# New Group Demands Apology from Council on Biblical Manhood and Womanhood



## Marrow Man (Jul 30, 2010)

A group named the Freedom for Christian Women Foundation, which developed from the work of "Baptist Women for Equality," (or bWe) has written a letter to the Council on Biblical Manhood and Womanhood demanding an apology.



> July 24, 2010
> 
> Dr. Randy Stinson, President
> Council on Biblical Manhood and Biblical Womanhood
> ...



You can read the article here. To see the attachments for the letter, go here.
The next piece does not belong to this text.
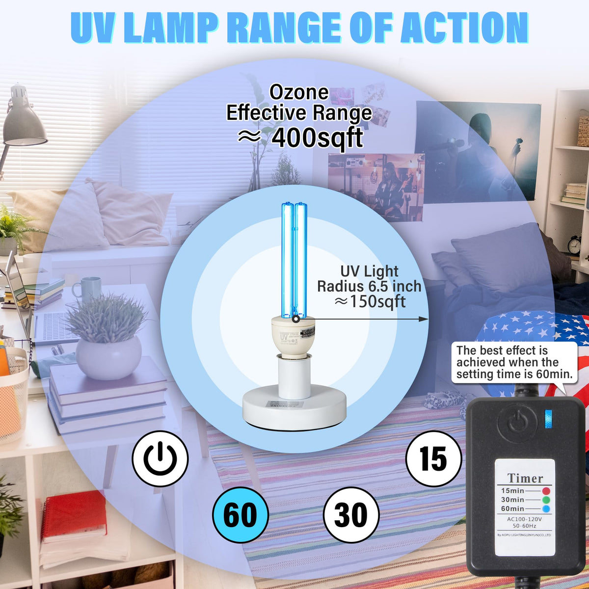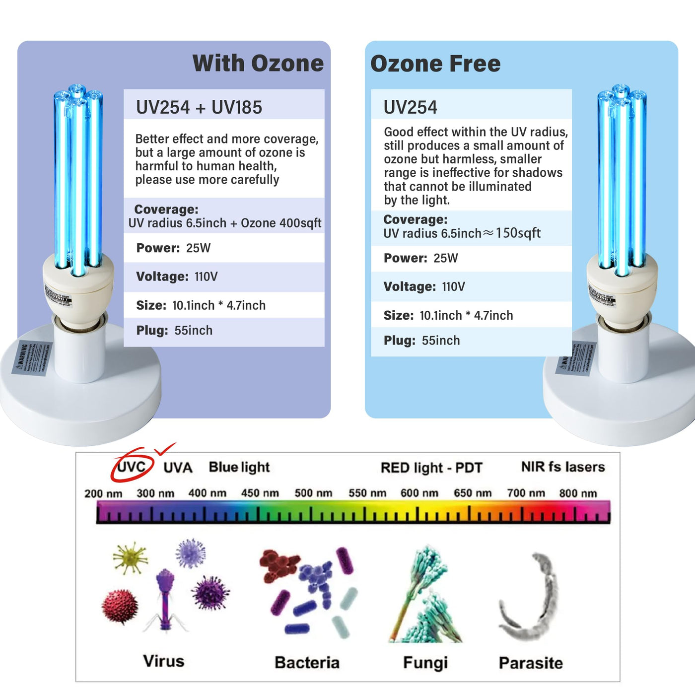 Powerful 25W UV Light Portable Ozone Free Ultraviolet Light with 3-Gear Timer, 110V Cleaning Lamp for Bedroom, Baby Room, Kitchen and Office

What exactly is the bWe and how did all of this develop?


----------



## toddpedlar (Jul 30, 2010)

Demand? HUH? 

The fact of a "demand" is bad enough, but when the "demand" is accompanied by completely slanderous accusations, it really takes the cake...


----------



## JBaldwin (Jul 30, 2010)

It just makes me sad.


----------



## Steve Curtis (Jul 30, 2010)

I had never heard of them. The letter doesn't help much, either: the two pages for signatures (where we could see who was involved) are blank


----------



## Marrow Man (Jul 30, 2010)

I found this to be a telling paragraph:



> Four of the five organizers of the conference were Christians and the conference was hosted at a Methodist Church. It was a predominantly Christian led event.


----------



## toddpedlar (Jul 30, 2010)

Would at least be nice if they'd gotten the organization's name correct. (i.e. CBMW, not CBMBW) 
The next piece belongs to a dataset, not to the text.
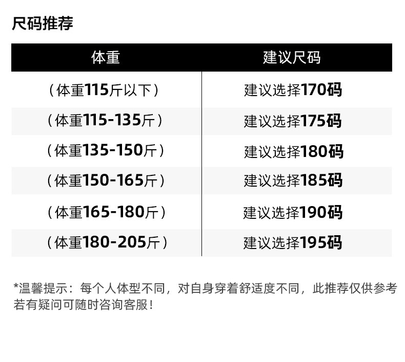 M; 170L; 175/XL; 180/2XL; 185/3XL; 190/4XL; 195/5XL; 6XL

The more I look at that list of "offenses" the more I see typical humanist idiocy. The CBMW is said to "deny the love of Christ fully to women", and teach that men are "godlike in their relationship to women". This group is "concerned with the mistranslation of Scriptures". The rest of the list is FULL of accusations that are simple logical fallacies... oh well. I've seen enough. Time to do something more intellectually challenging with my time (like empty out my pencil sharpener).


----------



## tcalbrecht (Jul 30, 2010)

"We don't demand solid facts. What we demand is a total absence of solid facts. I demand that I may or may not be Vroomfondel."


----------



## Ne Oublie (Jul 30, 2010)

Why not write a letter back to them and say "rather, we would gladly receive an apology for your largely misuse of the Holy Scriptures on many areas, such as pretty much every heresy known to the whole of the church!"


----------



## Marrow Man (Jul 30, 2010)

Not a single passage of Scripture is mentioned, referenced, or explained in the letter or its attachments.


----------



## fredtgreco (Jul 30, 2010)

Oh the irony of a feminist movement demanding that others kowtow to their view of scripture.


----------



## Montanablue (Jul 30, 2010)

I'm not sure I understand. Is the Council of Biblican Manhood and Womanhood associated with any denomination? Do they actually have any authority? It was my understanding that they were just a group or society that discussed these issues and put out books, articles etc. Under those circumstances, demanding an apology seems odd. Why wouldn't you just ignore them? 

(And that's not even dealing with the content of anything they or the Council have said).


----------



## O'GodHowGreatThouArt (Jul 30, 2010)

Well, the Bible teaches Male headship in the household, as well as that the father/husband has dominion over their spouse and children.

However, it sounds like to me that they are seeing some cases where the father/husband is using this biblical authority to manipulate, neglect, and abuse their family, yet the council are taking these "very rare" incidents and assuming this is how it all pans out with everybody.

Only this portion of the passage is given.